Monday, 28 December 2015

My long distance relationship isn’t working Out

I am 25. I have been in a relationship with my boyfriend for four years. He is 23. He has been my lover, confidant and best friend.
Nothing was ever too good for him to do for me. He treats me with respect and dignity. He is the only man I've taken home to meet my family. They all adore him, especially my dad.
My boyfriend's family told me I am the only girl he has brought home to meet. I love his family. I have little experience where relationships are concerned.
I was a very reserved teenager who was brought up to be wary of deceitful men. Before my current boyfriend, I only dated one other guy. I broke off the relationship because he kept pressuring me for sex. I knew that I wasn't ready for the responsibilities that came with sex, especially because I was in high school.
I am not the brightest, but I worked really hard to make my dad proud. I saw how much he struggled, as a single parent. He provided for me and ensured I was comfortable. I completed high school,  and eventually graduated from University with honours.
I got a job as an administrative officer and have worked steadily for two years after leaving University. I, however, decided this was not enough. I needed to better myself financially. I left Jamaica four months ago to take up a teaching job In Tokyo, Japan. This was where my world came crashing down.
I knew it would be hard leaving the man I love, but did not expect it to be this hard. During the four months that I have been here, we've hardly kept in touch.
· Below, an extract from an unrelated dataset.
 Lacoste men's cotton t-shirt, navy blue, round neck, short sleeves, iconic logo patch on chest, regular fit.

I remember only hearing from him two times in one particular month. His explanation is that he is busy with school and work. He said if he focuses too much on the fact that I am not around, he will fall apart.
He is in University and works full-time with the Government. I know school and work take a lot of his time. I'm also aware of the time difference between us. However, if we are to be involved in a long distance relationship, we have to communicate regularly.
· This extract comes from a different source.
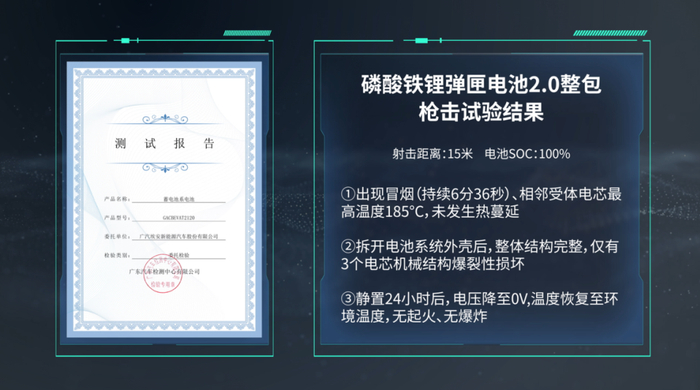 埃安此次弹匣电池2.0枪击试验是迄今最严苛的电池安全试验,在15米处对预留射击开口的满电电池整包进行射击。相较于大众熟知的针刺试验,枪击试验模拟了更加极致严苛的场景。当子弹穿透电芯时,速度可达针刺的97.5万倍,创口直径是针刺的7-8倍,可瞬间击穿多个电芯并造成热失控和爆裂性破坏。面对如此严苛的挑战,行业主流的磷酸铁锂单体电芯和行业主流磷酸铁锂模组均发生了明显的热失控和燃烧现象,这就意味着,光靠电芯本征特性无法实现真正的安全。而弹匣电池2.0整包枪击后未发生起火和爆炸,拆开电池系统外壳后,整体结构完整,仅有三个电芯爆裂性损坏,静置24小时后温度恢复至常温,顺利通过了枪击试验。这也是全球范围内,动力电池首次在枪击试验中实现不起火、无爆炸。

I might not be working and studying now, but I teach at three different schools. I have a very tight schedule as well. I still try to make time for him and my family. Before I left, we spoke about me leaving and what it would mean for us.
The plan was for him to finish his degree and then join me here in Japan. In a recent conversation with him, he told me that he has had a change of heart. He does not want to move to Japan. He has fallen in love with the course he is pursuing and would like to seek work in that field instead of teaching in Japan.
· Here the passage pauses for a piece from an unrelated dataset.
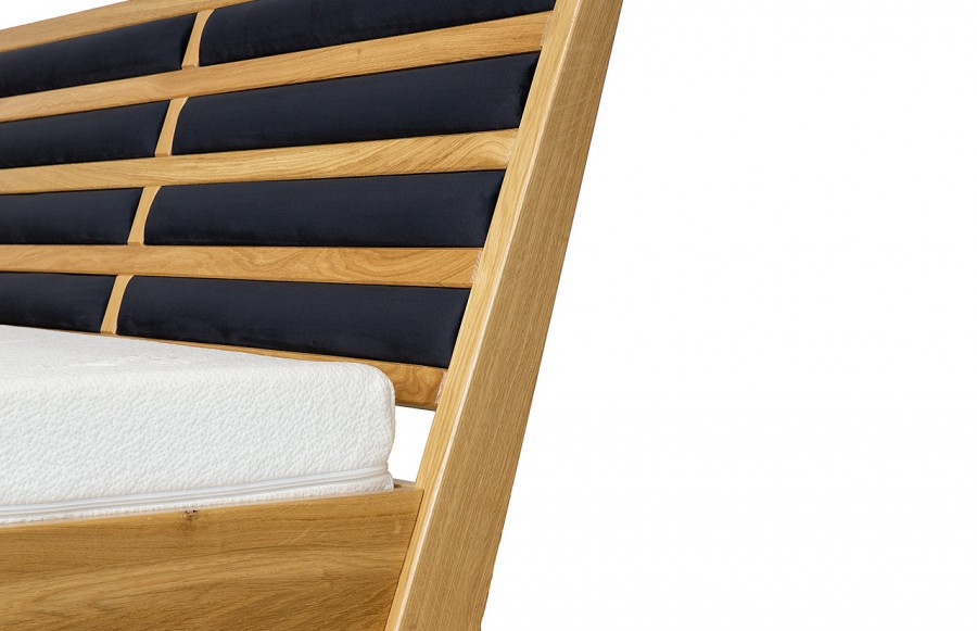 Łóżko LK302 - nowoczesne łóżko na nóżkach z litego drewna dębowego. Jego prosta rama ozdobiona została szczebelkowym, tapicerowanym zagłówkiem. Atutem mebla jest możliwość wybrania tkaniny spośród wielu kolorów. Charakterystyczny, wyprofilowany zagłówek, idealnie sprawdzi się podczas wieczornego relaksu. Całość sprawia, że konstrukcja mebla prezentuje się bardzo elegancko i ekskluzywnie. Naturalne drewno dębowe ociepli każde pomieszczenie. Dąb to królewski materiał - często pożądany w konstrukcji mebli pokojowych, dodatkowo cechuje się wytrzymałością i odpornością na zniszczenia. Łóżko LK302 to klasyka w czystym wydaniu.

I was devastated. I cried myself to sleep for weeks because this man changed his mind while I was half way across the world. I know that he has his own dreams and I don't want to be selfish.
Do you think I have a reason to be angry with this young man? He made me promises. He went as far as to put a ring on my finger before I left. Are my emotions running away with me?I cry day and night because what we had was so good. I can't bear the thought of losing him.
He says I am to do my best and save what I can. He said he will do the same. We have US visas, and have talked about spending time together in the US, but I can't let go of his change of heart. I thought about ending the relationship, but I kept thinking about the four wonderful years, as oppose to the four miserable months. Do you think this is worth fighting for?